_TASK ITEM:_ Only the lines from the one with "Las postulaciones se" through the last line of the data below are to be duplicated, exactly and without pictures.

Records from a data source:
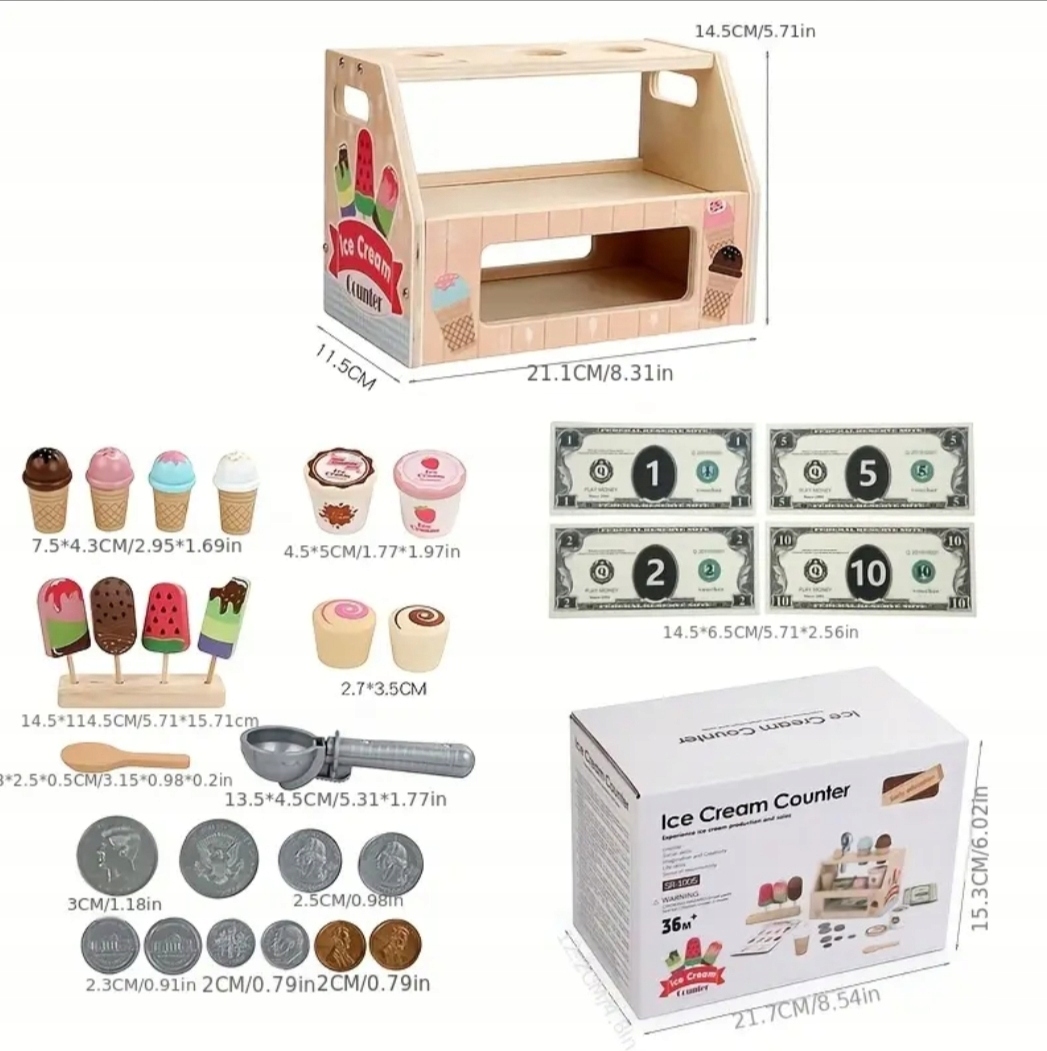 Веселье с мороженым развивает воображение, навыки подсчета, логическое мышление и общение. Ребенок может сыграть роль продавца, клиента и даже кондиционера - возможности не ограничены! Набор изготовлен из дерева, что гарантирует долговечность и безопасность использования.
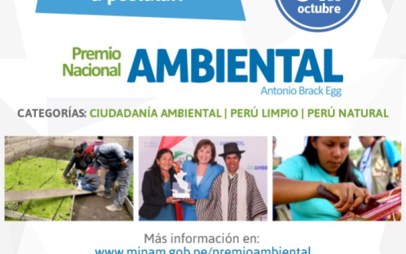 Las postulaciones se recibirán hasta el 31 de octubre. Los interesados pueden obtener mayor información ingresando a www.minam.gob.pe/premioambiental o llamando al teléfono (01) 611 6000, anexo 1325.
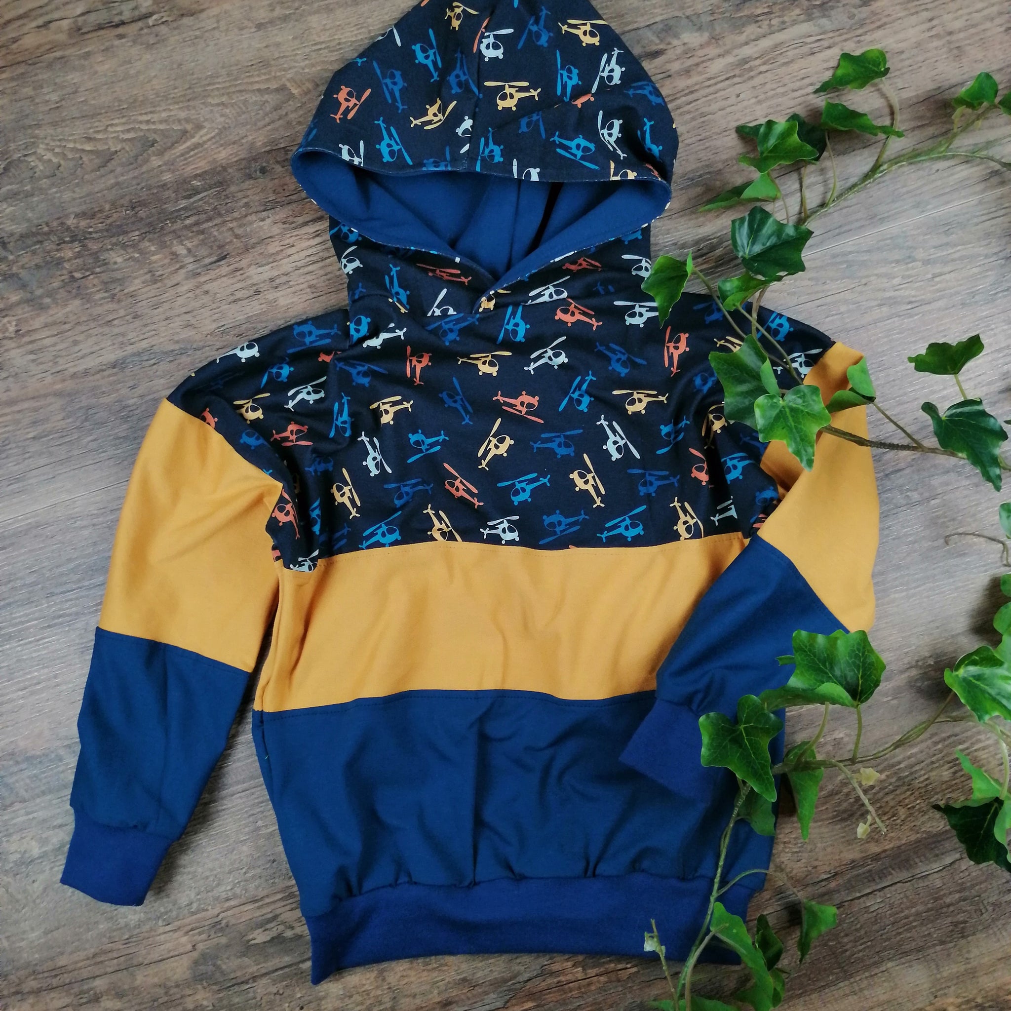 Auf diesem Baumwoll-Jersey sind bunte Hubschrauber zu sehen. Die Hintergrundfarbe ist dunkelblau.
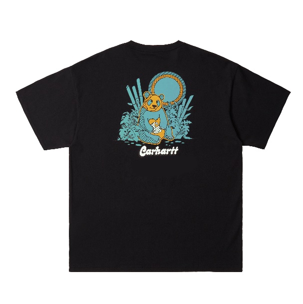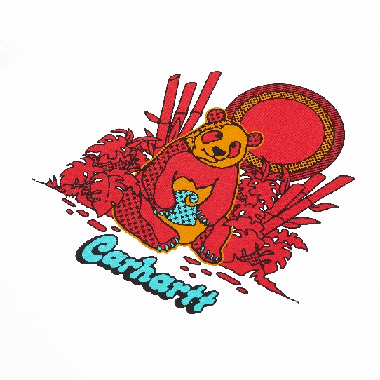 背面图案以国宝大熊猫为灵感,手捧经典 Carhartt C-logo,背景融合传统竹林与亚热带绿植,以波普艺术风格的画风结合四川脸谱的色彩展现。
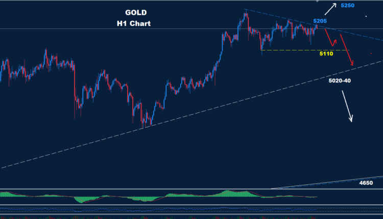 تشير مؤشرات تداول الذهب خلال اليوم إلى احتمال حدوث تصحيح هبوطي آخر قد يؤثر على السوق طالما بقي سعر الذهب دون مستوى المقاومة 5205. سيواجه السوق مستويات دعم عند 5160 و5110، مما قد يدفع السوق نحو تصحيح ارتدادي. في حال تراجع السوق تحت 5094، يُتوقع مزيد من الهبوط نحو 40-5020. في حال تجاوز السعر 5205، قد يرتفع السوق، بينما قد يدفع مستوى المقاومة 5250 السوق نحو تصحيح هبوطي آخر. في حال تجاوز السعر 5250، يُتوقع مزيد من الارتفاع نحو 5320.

_SOLUTION BELOW:_
 Las postulaciones se recibirán hasta el 31 de octubre. Los interesados pueden obtener mayor información ingresando a www.minam.gob.pe/premioambiental o llamando al teléfono (01) 611 6000, anexo 1325.
 Auf diesem Baumwoll-Jersey sind bunte Hubschrauber zu sehen. Die Hintergrundfarbe ist dunkelblau.
 背面图案以国宝大熊猫为灵感,手捧经典 Carhartt C-logo,背景融合传统竹林与亚热带绿植,以波普艺术风格的画风结合四川脸谱的色彩展现。
 تشير مؤشرات تداول الذهب خلال اليوم إلى احتمال حدوث تصحيح هبوطي آخر قد يؤثر على السوق طالما بقي سعر الذهب دون مستوى المقاومة 5205. سيواجه السوق مستويات دعم عند 5160 و5110، مما قد يدفع السوق نحو تصحيح ارتدادي. في حال تراجع السوق تحت 5094، يُتوقع مزيد من الهبوط نحو 40-5020. في حال تجاوز السعر 5205، قد يرتفع السوق، بينما قد يدفع مستوى المقاومة 5250 السوق نحو تصحيح هبوطي آخر. في حال تجاوز السعر 5250، يُتوقع مزيد من الارتفاع نحو 5320.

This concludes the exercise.